After losing the involvement of two directors, amid numerous delays and budget constraints, Irrational Games creative director Ken Levine still hasn’t abandoned hope that one day, just one day, the often-talked-about, never-put-in-production BioShock movie will find its way on the road to filmdom.
It was little more than than a month ago, in March, that then-proposed director Juan Carlos Fresnadillo (28 Weeks Later) walked out on the project – the second to do so after Pirates of the Caribbean and The Ring director Gore Verbinski. Many assumed it would be the final nail in an already heavily hammered coffin, but a recent interview by Levine might offer fans a glimmer of hope.
Speaking to Edge Magazine, Levine admitted that the collaboration with Verbinski didn’t go as planned, but it would merely take the right circumstances to get the project up and running:
“The thing with Gore [Verbinski] didn’t work out, but there’s no such thing as ‘it’s finished’ when it comes to making a movie out of something.
“It’s always about the stars aligning. We’re still focusing on it, but it hasn’t consumed us so much.”
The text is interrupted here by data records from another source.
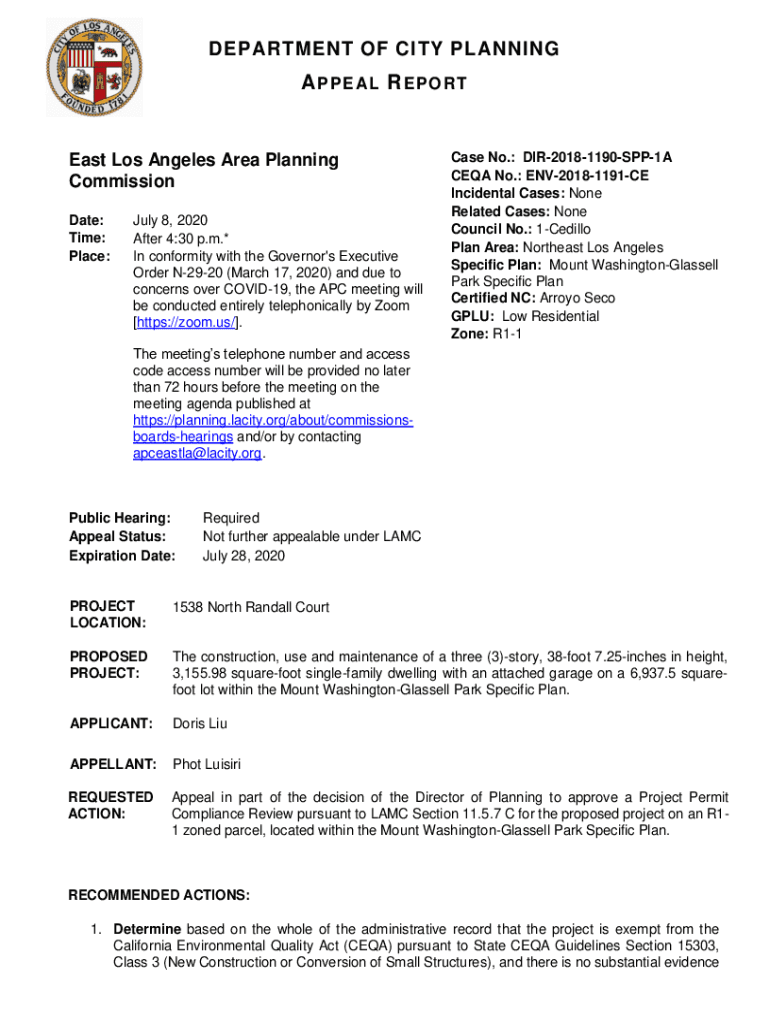 DEPARTMENT OF CITY PLANNING P E AL R E P O RT East Los Angeles Area Planning Commission Date: Time: Place:July 8, 2020, After 4:30 p.m.* In conformity with the Governor\'s Executive Order N2920 (March
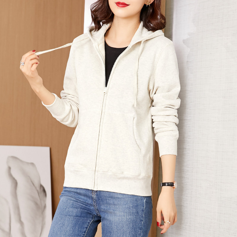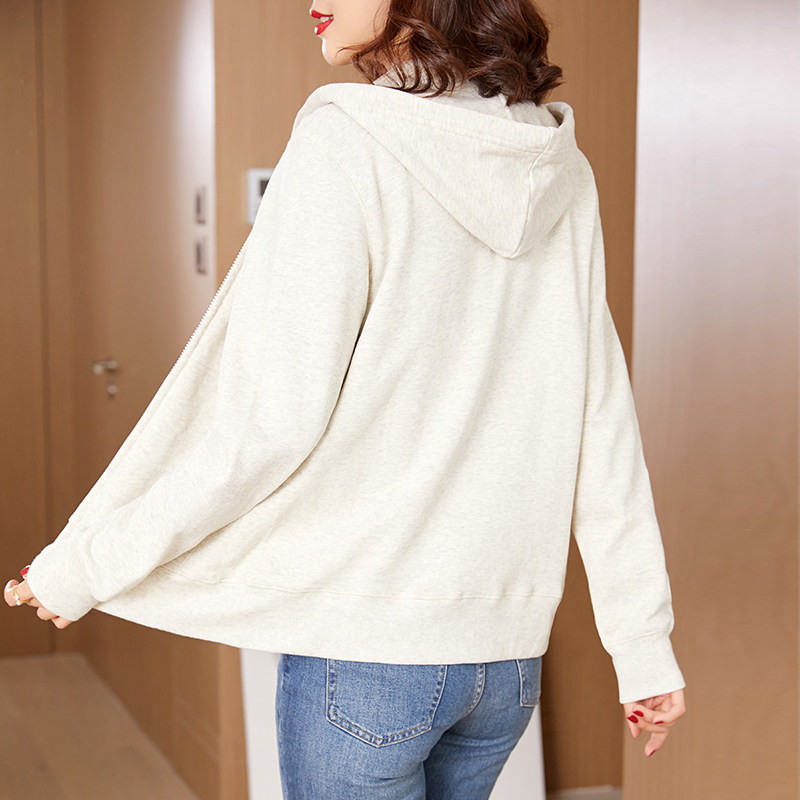 Zipper sweater women's 2021 spring and autumn new sports casual loose Korean version long-sleeved pure cotton hooded cardigan jacket
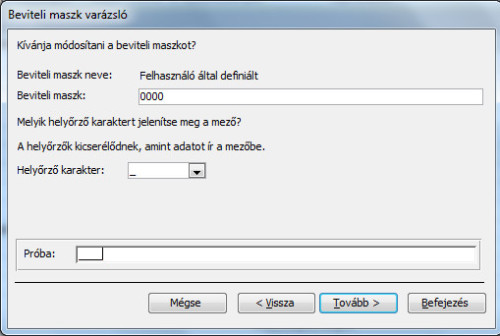- A Beviteli maszk sorban jelenleg ez szerepel: 0000/00/00. Az első négy 0 kivételével töröljünk ki mindent, majd kattintsunk a Próba sorba, majd kattintsunk a Tovább gombra, végül pedig a Befejezés gombra!
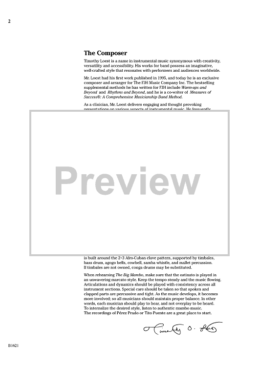 "The Big Mambo - Score" Sheet Music by Timothy Loest
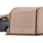 車中泊の際にクルマと連結させて、簡単、手軽にリビングスペースを確保できるシェルター。本体は撥水・防水・難燃・紫外線カット加工が施されている。
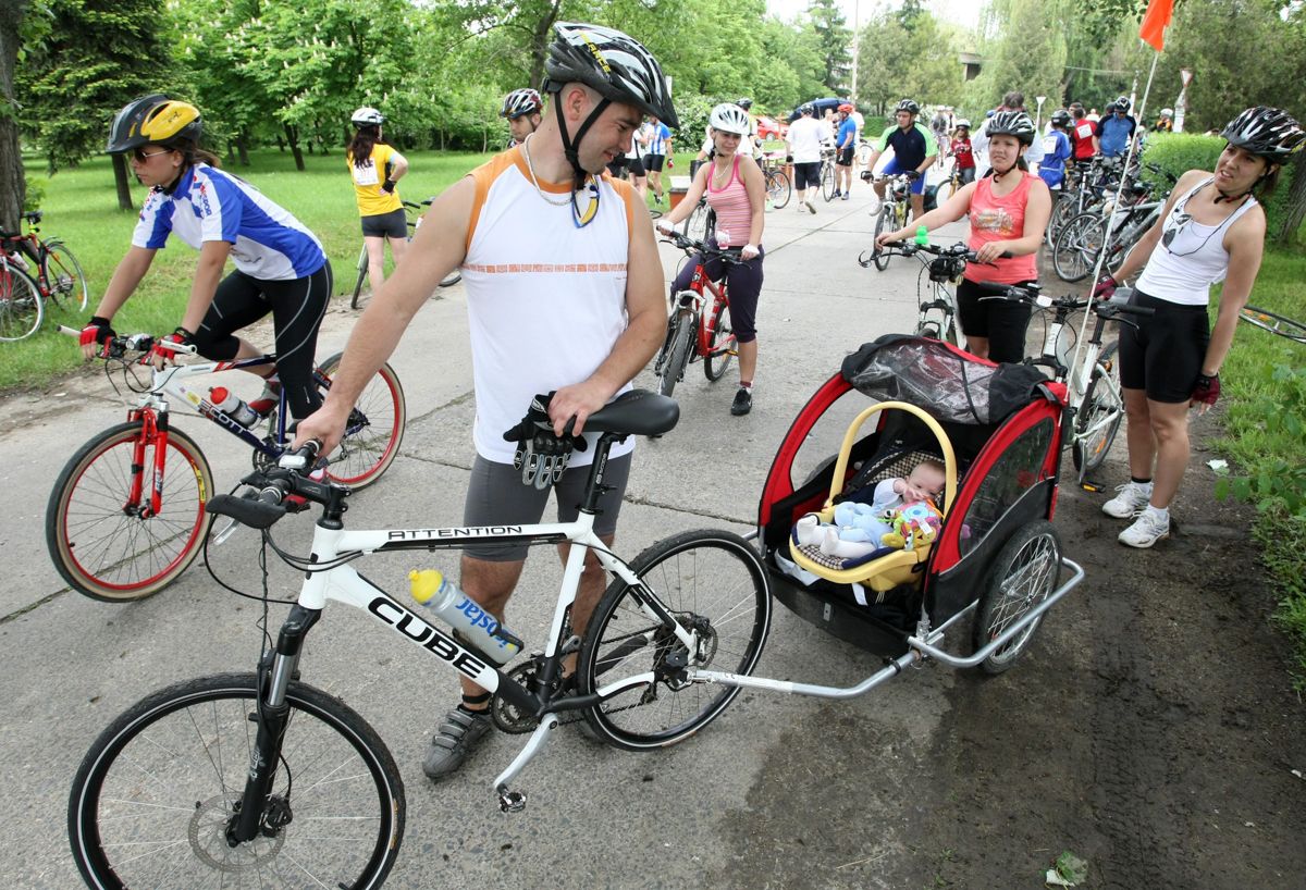 Bringázni nagy dili, gyereküléssel, utánfutóval vagy cargo bringával is szállíthatunk gyereket (Fotó: MTI)

Obviously, Irrational’s main focus Levine was alluding to lies with the release of BioShock: Infinite – due out on October 16th; it’d be foolish to shift priorities now in what are surely the critical final stages of the game’s production.
That being said, the fact that the Time 100 nominee still has the film in the back of mind is commendable.
The reason we’re at this point (and Fresnadillo mentioned it on his way out the door) is because Levine, Take-Two, and Verbinski opted to push for a big-budget-visuals, R-rated production faithful to the canon that no studio would commit to financing – then or now. In a sense, that insistence epitomizes the current state of video games as silver-screen prospects: No longer do the creators of artistically profound and culturally resonant IPs feel subservient to Hollywood film producers and studio executives so as to hand over the keys to a car many of them couldn’t drive straight on a runway (see: Prince of Persia, Doom, Max Payne). There might have been a time when Uwe Boll was on speed dial, but those days seem to have steadily died out with flop after flop after Razzie Award.
For the BioShock film to see the light of day, it will likely need to see an agreement between Levine – he and his grand ambitions – and a director/film studio willing to go all in. In other words, it could be a while – but it would greatly help in assuring the film is done right.
Ranters, what do you think of the BioShock film and its perpetual limbo? Out of similar stalled video-game movie adaptations like Assassin’s Creed, Halo, and Gears of War, which one would you want to see first?